Продолжим наше путешествие по берегам Фирвальдштетского озера. Служил Фицнау и приютом для новообращенного антропософа Андрея Белого. В письме Блоку от 10 (23) ноября 1912 года он рассказывает: «…Поехали в Vitznau (в Швейцарии) работать над уроком Доктору (теперь у нас с Асей по докладу ему). Мы месяц жили в полном уединении, среди гор, в деревушке. Время шло так: с утра до ночи работа (медитация, Vortrag Доктору, роман “Петербург”, немецкий, циклы лекций для изучения, статьи в “Труды и дни”). Буквально не выходили месяц из комнат». Позже, в работе «Почему я стал символистом», Белый так напишет о днях, проведенных в 1912 году на этом озере: «…В Фицнау продолжаю строчить две статьи: “Круговое движение”, “Линия, крут, спираль символизма”, в которых “СИМВОЛИСТ” поддерживает символизм с яркостью, о которой отзывается Метнер в Москве, что в статьях будто бы “ИСКРЫ ГЕНИАЛЬНОСТИ”; и несмотря на “ИСКРЫ”, я – идиот: очевидно, “ИСКРЫ ГЕНИАЛЬНОСТИ” вспыхивали не в голове, сердце или воле, а в… “ПУПКЕ”».

Редкий из путешественников, бывавший в этих местах, не поднимался на Риги. Чтобы увидеть знаменитую панораму, открывающуюся с вершины горы, Жуковский в 1821 году, «вооружившись длинною альпийской палкою, полез по крутому всходу на высоту Риги». Поэт рассказывает дальше о своих впечатлениях: «На высоте я застал захождение солнца, хотя облака покрывали небо, но зрелище, которое я видел, было великолепно». Закат солнца в Альпах наводит Жуковского на следующие размышления: «Видя угасающую природу, приходит мысль, что душа и жизнь есть что-то не принадлежащее телу, а высшее; пока они в нем, по тех пор и красота; удалились – формы те же, но красоты уже нет; ничто так не говорит о смерти в величественном смысле, как угасающие горы».
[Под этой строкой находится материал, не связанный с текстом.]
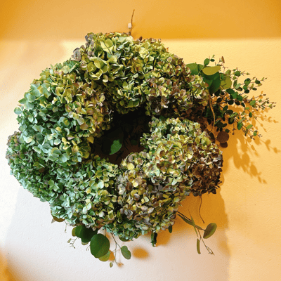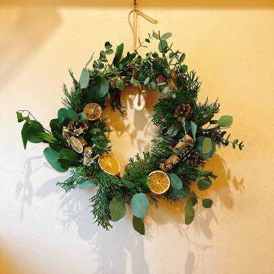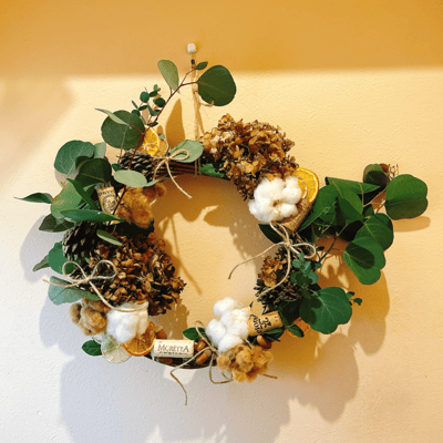 リースと松ぼっくりツリー半々くらい。
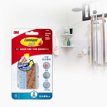 【3M】18063C 無痕防水小型膠條◆使用3M獨家專利無痕防水膠條,免鑽釘、不殘膠、超越吸盤持久力。◆無痕防水膠條不怕水氣,能在嚴苛的環境-10度~50度溫度,相對溼度90%內持續黏貼。◆即使在居家浴室/廚房的環境下依舊可以牢牢貼住牆面,不易脫落。◆新的穩固專用棉片,三重效能升級!抓壁力up/等待時間縮時/承重更重。◆抓壁力up:適用於更多樣化的磚面,連微凹凸磚面都可使用!◆全新小型防水膠條承重效果再升級,單片膠條 450g承重,輕鬆收納各式浴室用品。◆等待縮時:配合穩固專用棉片,潮濕環境下,等待時間縮時為6小時;乾燥環境僅需1小時。★本商品屬消耗品,一經拆封使用,恕無法辦理退貨★◆型號:18063C◆內容量:8片小型防水膠條 +1 包穩固專用棉片->本組合共含6組◆承重:450g◆尺寸:100*15*170 mm◆重量:17.5g◆產地:美國◆效期:3年◆產品條碼:4710367432548

Поэт ночует в гастхаузе на Риги-Штафель (Rigi Staffel), а на следующее утро встречает рассвет на Риги-Кульм (Rigi Kulm). Жуковский был так потрясен увиденной картиной, что дает себе слово на обратном пути еще раз подняться сюда, что и сделает.

Связанные с подъемом переживания вдохновляют в 1838 году Константина Аксакова на написание стихотворения «Путешествие на Риги».
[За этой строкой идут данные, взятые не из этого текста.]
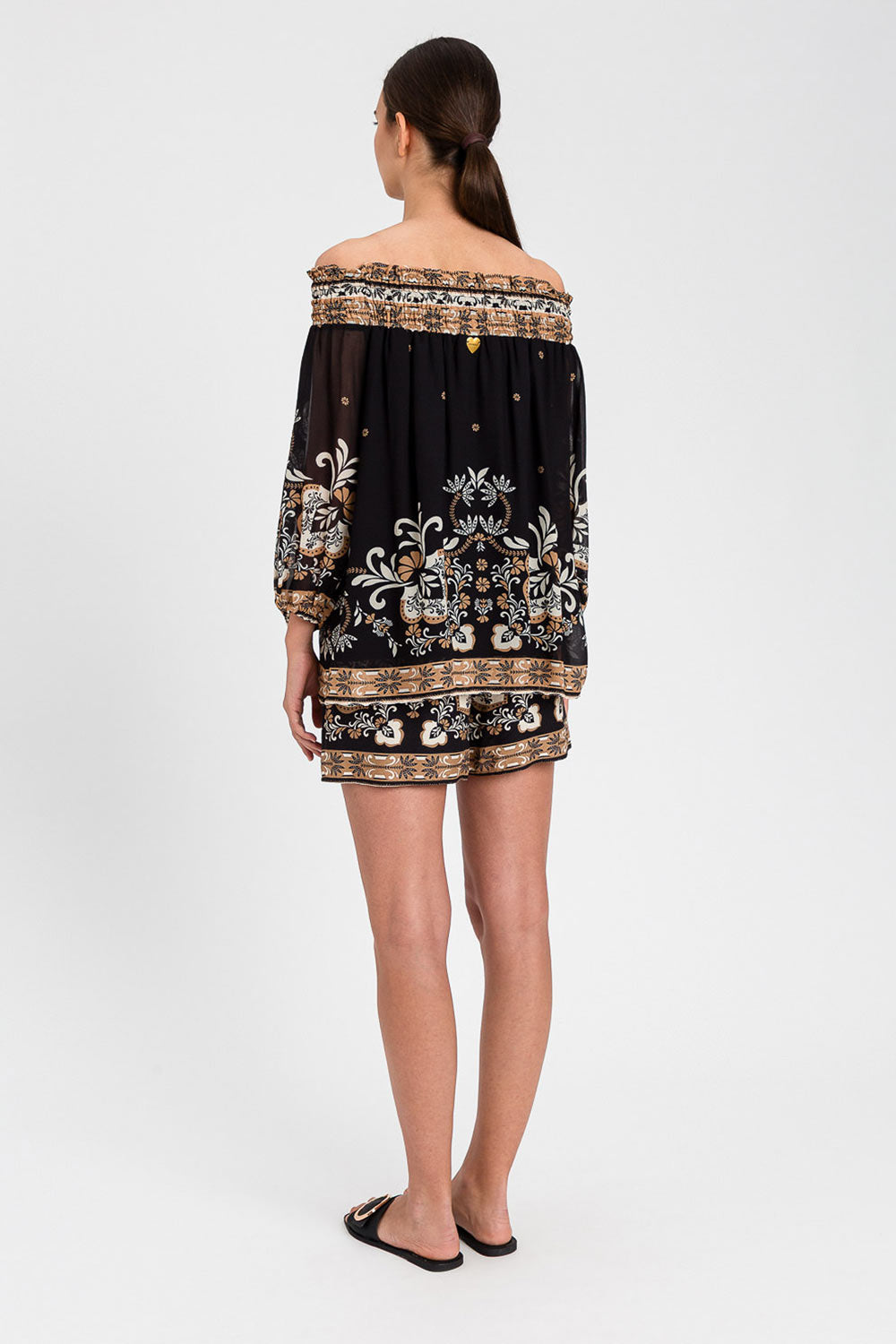 Blusa Twinset con stampa St. Foulard su fondo nero, arricchita da delicate nappine frontali. Il design fluido e femminile valorizza la silhouette, mentre il tessuto leggero garantisce comfort e movimento. Un capo elegante e versatile, ideale per look boho-chic raffinati.

Греч в 1841 году жалеет, что возраст и состояние здоровья не позволяют ему снова, как во время его прежнего путешествия по Швейцарии, подняться на вершину: «Но читатели мои ничего не потеряли оттого, что я не взбирался на Риги-Кульм: этих зрелищ никакое перо не опишет!»

Тютчев в письме Эрнестине в августе 1854 года вспоминает Риги-Кульм, «к вершине которого ты, по-видимому, навсегда почувствовала такое же влечение, как и я».

Толстому столь любимое туристами место, разумеется, не понравилось, хотя и он в 1857 году ночует в здешней гостинице и встает в три утра, чтобы встречать восход, но его внимание больше занимает грязная кровать с клопами.

В том же году попытку увидеть горную панораму предпринимает знаменитый историк Николай Костомаров, но безуспешно: «Когда мы начали подниматься уже к самой вершине Риги, нас покрыло густое облако, и, достигши вершины, мы ничего не могли видеть. У построенной там гостиницы встретил я целый табор путешественников-англичан обоего пола, приехавших сюда за тем же, за чем и я, так же, как и я, обманутых в своих надеждах».

На Александра Ивановича Кошелева, поднявшегося на Риги год спустя, вид альпийского заката производит такое неизгладимое впечатление, что известный славянофил решает остаться здесь еще на день: «Я предполагал, полюбовавшись закатом и восхождением солнца, отправиться на следующий же день обратно в Люцерн». Но повторного представления природы снова оказывается недостаточно – он остается еще на один день. «Такие мои решения повторялись несколько раз; и только на восьмой день и не без искреннего глубокого сожаления оставил я вершину Риги».

Англичане на вершине Риги ожидают восхода солнца

В 1859 году во время своего совместного путешествия по Швейцарии видом с Риги восхищаются русские ученые Сеченов и Менделеев.

Приезжают на Риги и цюрихские студенты. Кулябко-Корецкий вспоминает, как «ездили на Риги-Кульм любоваться восходом солнца с вершины горы, с которой на половине горизонта тянется сплошная цепь снежных вершин в 200 километров протяжением, от Монблана до Глерниша и Тёди, а на другой половине горизонта расстилается вся низменная и холмистая Швейцария с ее городами, деревнями, реками и всеми 12 озерами».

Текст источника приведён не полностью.